[Available data]
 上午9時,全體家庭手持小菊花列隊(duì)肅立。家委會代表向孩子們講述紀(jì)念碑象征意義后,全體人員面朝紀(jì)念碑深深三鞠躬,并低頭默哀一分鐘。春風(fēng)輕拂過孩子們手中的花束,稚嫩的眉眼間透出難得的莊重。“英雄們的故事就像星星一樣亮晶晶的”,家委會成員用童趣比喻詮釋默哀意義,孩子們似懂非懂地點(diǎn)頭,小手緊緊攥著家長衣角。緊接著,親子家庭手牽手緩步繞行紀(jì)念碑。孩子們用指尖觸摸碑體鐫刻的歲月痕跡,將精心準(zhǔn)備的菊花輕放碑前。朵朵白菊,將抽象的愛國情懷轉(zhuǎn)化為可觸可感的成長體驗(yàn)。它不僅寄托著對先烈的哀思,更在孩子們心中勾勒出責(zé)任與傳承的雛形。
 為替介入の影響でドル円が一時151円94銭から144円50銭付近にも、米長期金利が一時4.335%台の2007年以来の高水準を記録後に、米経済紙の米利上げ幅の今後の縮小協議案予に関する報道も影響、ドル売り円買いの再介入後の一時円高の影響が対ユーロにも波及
==
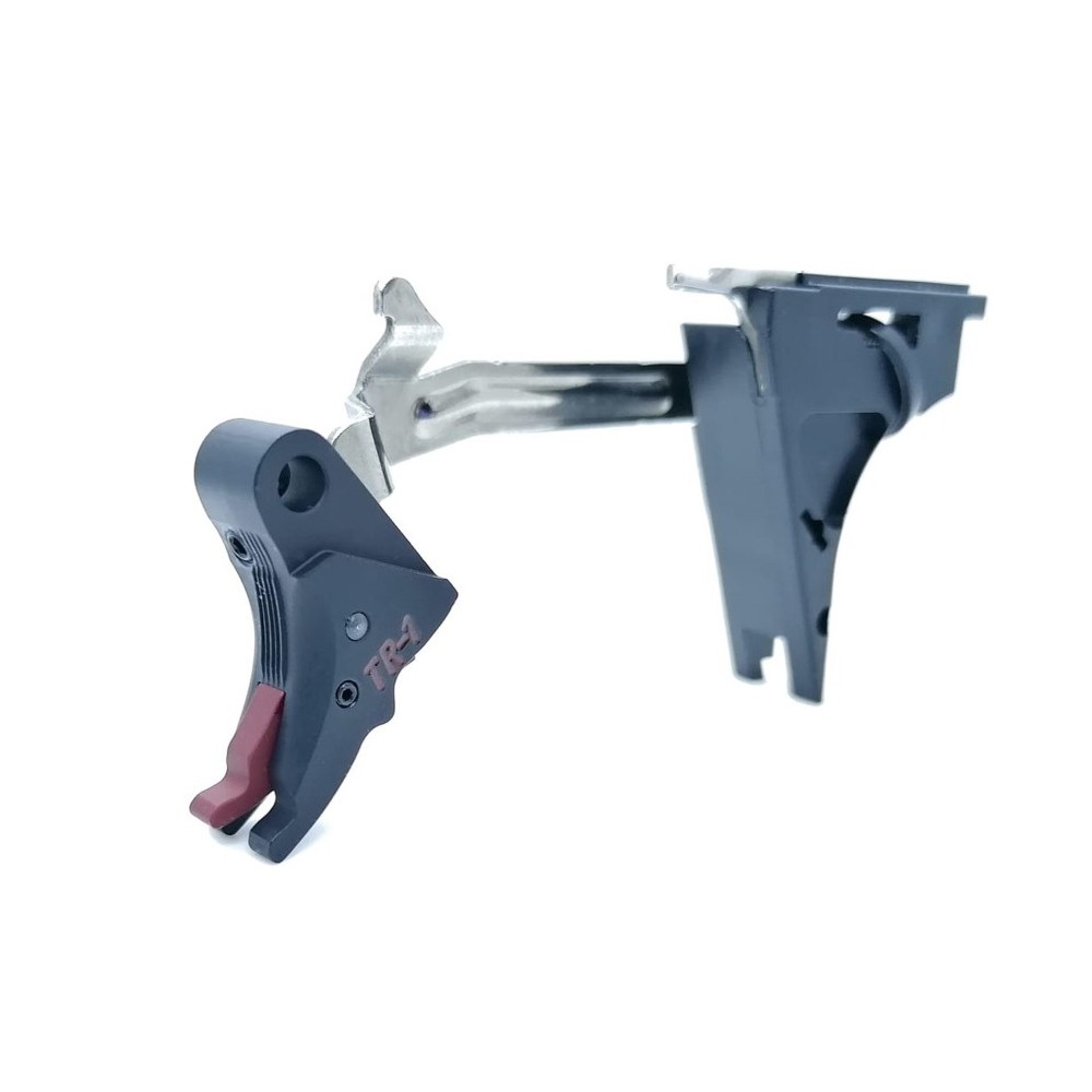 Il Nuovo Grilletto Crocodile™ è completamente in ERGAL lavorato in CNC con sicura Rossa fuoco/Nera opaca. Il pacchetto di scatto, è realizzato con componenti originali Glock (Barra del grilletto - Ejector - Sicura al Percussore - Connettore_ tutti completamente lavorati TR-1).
--
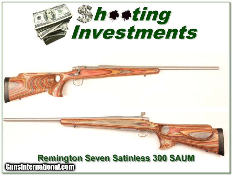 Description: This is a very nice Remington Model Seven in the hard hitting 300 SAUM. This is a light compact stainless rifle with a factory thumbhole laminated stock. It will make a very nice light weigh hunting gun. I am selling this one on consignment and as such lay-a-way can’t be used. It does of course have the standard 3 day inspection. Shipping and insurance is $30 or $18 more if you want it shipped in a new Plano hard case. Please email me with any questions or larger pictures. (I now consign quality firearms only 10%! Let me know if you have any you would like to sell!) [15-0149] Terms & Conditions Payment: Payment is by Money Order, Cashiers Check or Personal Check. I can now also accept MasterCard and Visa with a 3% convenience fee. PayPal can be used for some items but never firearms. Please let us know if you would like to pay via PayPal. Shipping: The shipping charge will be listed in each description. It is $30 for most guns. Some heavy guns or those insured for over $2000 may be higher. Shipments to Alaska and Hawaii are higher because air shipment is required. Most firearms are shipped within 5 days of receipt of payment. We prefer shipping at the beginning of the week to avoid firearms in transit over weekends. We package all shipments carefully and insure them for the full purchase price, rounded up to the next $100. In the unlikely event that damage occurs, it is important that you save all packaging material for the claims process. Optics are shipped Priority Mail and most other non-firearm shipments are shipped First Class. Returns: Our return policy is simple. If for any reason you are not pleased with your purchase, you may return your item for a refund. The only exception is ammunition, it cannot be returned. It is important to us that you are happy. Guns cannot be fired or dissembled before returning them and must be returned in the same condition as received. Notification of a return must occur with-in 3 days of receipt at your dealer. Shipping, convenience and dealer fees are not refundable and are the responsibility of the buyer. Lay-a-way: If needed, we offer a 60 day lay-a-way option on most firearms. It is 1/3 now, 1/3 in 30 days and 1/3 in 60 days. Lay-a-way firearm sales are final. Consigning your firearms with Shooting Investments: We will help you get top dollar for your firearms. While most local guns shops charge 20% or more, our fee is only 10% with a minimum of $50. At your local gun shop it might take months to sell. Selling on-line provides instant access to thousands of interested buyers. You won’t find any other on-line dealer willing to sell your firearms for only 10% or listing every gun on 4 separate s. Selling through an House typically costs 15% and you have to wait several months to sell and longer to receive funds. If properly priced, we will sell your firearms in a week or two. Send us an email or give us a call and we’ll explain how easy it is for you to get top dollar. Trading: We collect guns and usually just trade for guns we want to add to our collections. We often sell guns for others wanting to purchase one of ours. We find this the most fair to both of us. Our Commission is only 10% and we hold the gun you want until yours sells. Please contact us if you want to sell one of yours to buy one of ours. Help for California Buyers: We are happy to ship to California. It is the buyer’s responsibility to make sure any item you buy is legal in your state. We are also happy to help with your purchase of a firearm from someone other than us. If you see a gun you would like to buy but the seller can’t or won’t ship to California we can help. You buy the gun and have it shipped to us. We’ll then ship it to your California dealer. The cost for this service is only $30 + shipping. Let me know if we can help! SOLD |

[Exercise] Using only the listing above, restate exactly the lines from the line containing "上午9時,全體家庭手持小菊花" through the line containing "為替介入の影響でドル円が一時", both included.

[Answer to this task]
 上午9時,全體家庭手持小菊花列隊(duì)肅立。家委會代表向孩子們講述紀(jì)念碑象征意義后,全體人員面朝紀(jì)念碑深深三鞠躬,并低頭默哀一分鐘。春風(fēng)輕拂過孩子們手中的花束,稚嫩的眉眼間透出難得的莊重。“英雄們的故事就像星星一樣亮晶晶的”,家委會成員用童趣比喻詮釋默哀意義,孩子們似懂非懂地點(diǎn)頭,小手緊緊攥著家長衣角。緊接著,親子家庭手牽手緩步繞行紀(jì)念碑。孩子們用指尖觸摸碑體鐫刻的歲月痕跡,將精心準(zhǔn)備的菊花輕放碑前。朵朵白菊,將抽象的愛國情懷轉(zhuǎn)化為可觸可感的成長體驗(yàn)。它不僅寄托著對先烈的哀思,更在孩子們心中勾勒出責(zé)任與傳承的雛形。
 為替介入の影響でドル円が一時151円94銭から144円50銭付近にも、米長期金利が一時4.335%台の2007年以来の高水準を記録後に、米経済紙の米利上げ幅の今後の縮小協議案予に関する報道も影響、ドル売り円買いの再介入後の一時円高の影響が対ユーロにも波及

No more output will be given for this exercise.